SECTION 1.01: Office.

The principal office for the transaction of the business of this corporation, hereinafter sometimes referred to as “Church”, is located at Redwood Valley, County of Mendocino, California. The board of directors may at any time or from time to time change the location of the principal office from one location to another and this country.

SECTION 1.02: Name.

This corporation may be known as Peoples Temple of the Disciples of Christ, Peoples Temple Christian Church of the Disciples of Christ, Peoples Temple Christian Church (Disciple[s] of Christ), Peoples Temple Christian Church, or similar variant.

ARTICLE II
DENOMINATIONAL AFFILIATION

SECTION 2.01: Christian Church (Disciples of Christ).

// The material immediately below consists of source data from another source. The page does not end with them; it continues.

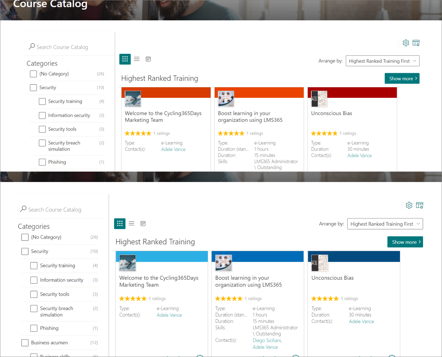 This method customizes the color of course catalog cards only. It won't change the colors of course and training plan pages.
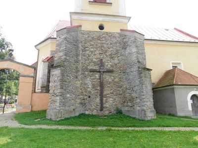 Kříž před kostelem sv. Jana Křtitele v Mladých Břištích
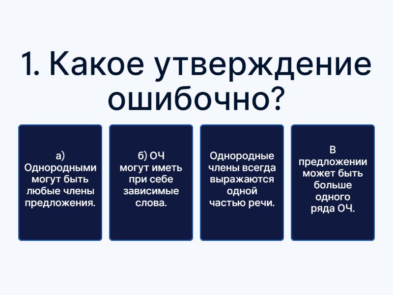1) 1. Какое утверждение ошибочно? a) а) Однородными могут быть любые члены предложения. b) б) ОЧ могут иметь при себе зависимые слова. c) Однородные члены всегда выражаются одной частью речи. d) В предложении может быть больше одного ряда ОЧ. 2) Какой союз является разделительным? a) ни… ни b) зато c) как… так и d) то… то. 3) В каком предложении знаки препинания расставлены неправильно? a) За дверью послышался не то смех, не то плач. b) Последнее время приходилось работать и день и ночь. c) Овощи не только вкусны, но и полезны. d) Говорил он бойко, однако, бестолково. 4) В каком предложении нужно поставить одну запятую? a) Медведи – животные большие сильные да и ловкие. b) Цветы могут быть как однолетними так и многолетними. c) Пушкин собирал народные песни и сказки в Одессе и в Кишинёве и в Псковской губернии. d) Стоял тихий сентябрьский денёк. 5) Установите, какие ряды однородных членов есть в данном предложении. Старинная русская деревня Болдино лежит среди просторных то пологих то холмистых полей и лугов и красуется. a) три ряда: определения, сказуемые, дополнения; b) два ряда: сказуемые и дополнения; c) три ряда: сказуемые, обстоятельства, определения.
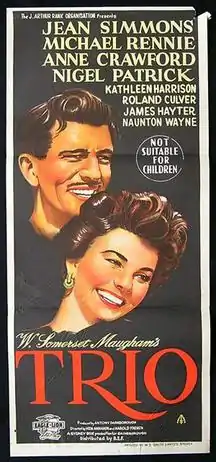 Trio (also known as W. Somerset Maugham's Trio) is a 1950 British anthology film based on three short stories by W. Somerset Maugham: "The Verger", "Mr Know-All" and "Sanatorium". Ken Annakin directed "The Verger" and "Mr Know-All", while Harold French was responsible for "Sanatorium".
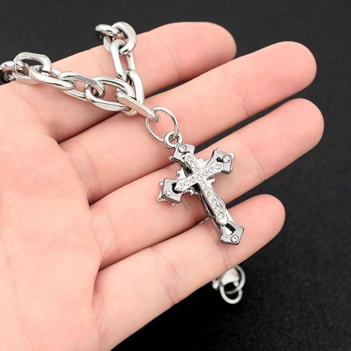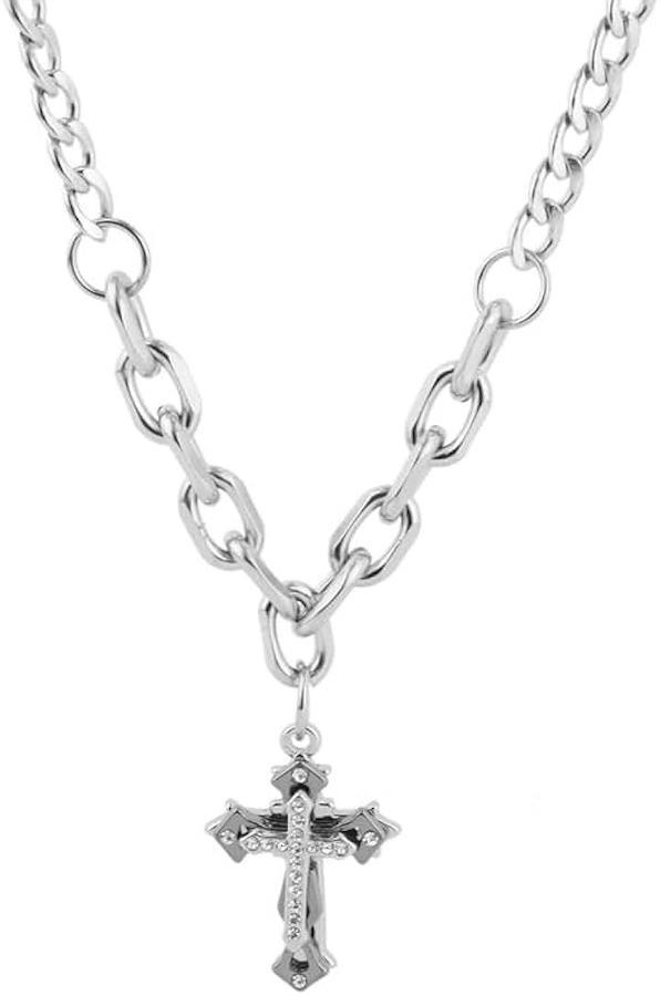 「サイズ」ネックレス長:約53cm / 十字架サイズ:約3cmx 約2.5cm / チェーン幅:約0.6cm 中央部:約1cm

This corporation shall be a member of and affiliated with the General Assembly of the Christian Church (Disciples of Christ) Incorporated, (Formerly International Convention of Christian Churches (Disciples of Christ)). If for any reason the corporation shall cease to be so affiliated, these Bylaws shall nonetheless remain valid and of full legal effect.

ARTICLE III
MEMBERSHIP

SECTION 3.01: Classes of Members.

Membership in this corporation shall be divided into two classes. The first class of members shall be known as voting members, and the second class a members shall be known as associate members and shall have no vote. No notice of any meeting of the membership need be given to any associate member. Whenever the term “member” is used by itself, whether within or outside of these bylaws, such term shall be deemed to refer to associate members.

SECTION 3.02: Qualifications of Associate Members.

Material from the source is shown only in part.